I wonder what the scores would look like on a dual PowerMac G5 2.7GHz? Anyone have one and want to be a guinea pig?


----------



## PosterBoy (Jan 22, 2002)

Oooh, that would be interesting.


----------



## Chealion (Jan 16, 2001)

Any intention for making a public download or something I can try out?


----------



## gnatsum (Apr 10, 2005)

CPU (intetger) scores are better than the P4 and the G5.

amd 64

memory (stdlib) fill 1001.19 megabytes/sec
memory (stdlib) sequential access 951.53 megabytes/sec
memory (stdlib) random access 1.00 gigabytes/sec
memory (stdlib) copy 636.16 megabytes/sec

ppc g5

memory (stdlib) fill 2.13 gigabytes/sec
memory (stdlib) sequential access 2.14 gigabytes/sec
memory (stdlib) random access 2.21 gigabytes/sec
memory (stdlib) copy: 1.02 gigabytes/sec



Am i missing something? is smaller better? or else, how else is the athlon better than the g5 in that test?


----------



## PosterBoy (Jan 22, 2002)

Athlon64 3200+



PosterBoy said:


> cpu (float) mandelbrot (sqrt) 944.05 megaflops
> cpu (float) mandelbrot (nosqrt) 1.06 gigaflops
> 
> cpu (integer) blowfish 57.87 megabytes/sec
> ...


PPC G5 1.6



jfpoole said:


> cpu (float) mandelbrot (sqrt) 441.54 megaflops
> cpu (float) mandelbrot (nosqrt) 697.13 megaflops
> 
> cpu (integer) blowfish (cache) 32.52 megabytes/sec
> ...


Athlon64s CPU scores are all better than the the G5s scores in the same area. The numbers you are comparing gnatsum are memory scores.

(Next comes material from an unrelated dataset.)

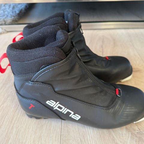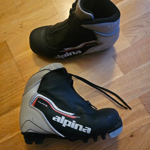 Barne skisko til langrennski. Nesten ikke brukt. Med ullsåle. Står str 36, men jeg synes litt små i str. Må hentes på Kalvskinnet.

And for what it's worth, the actual clock speed of an Athlon64 3200+ is 2.2 GHz.


----------



## gnatsum (Apr 10, 2005)

alright...so g5's are memory monsters???

but slow....


so how do you translate that into performance that an avg. user can grasp?


----------



## Guest (Aug 12, 2005)

gnatsum said:


> alright...so g5's are memory monsters???
> 
> but slow....
> 
> ...


That's the problem ... you can't translate it. As I said earlier in the thread.. due to radical diffrences in operating systems, compilers, etc, etc ... these tests don't even accurately show the differences in the hardware. That's part of it, they do show differences in the compilers, code used, etc etc though LOL

The only way to do a real comparison will be on MacIntels. That's what I'm waiting to see ... OSX vs. Windows on the same hardware


----------



## Chealion (Jan 16, 2001)

mgeurtin - Sure you can get better performance by tailoring the way the program is made and compiled for a specific processor, but if you just use generic code and a standard compiler with no biases towards any processor, then can you not get a benchmark that you can actually compare the computers to each other because they are on a level playing field. It's not the end all and be all, but it's the first try I've seen to make something that doesn't bias one end or the other.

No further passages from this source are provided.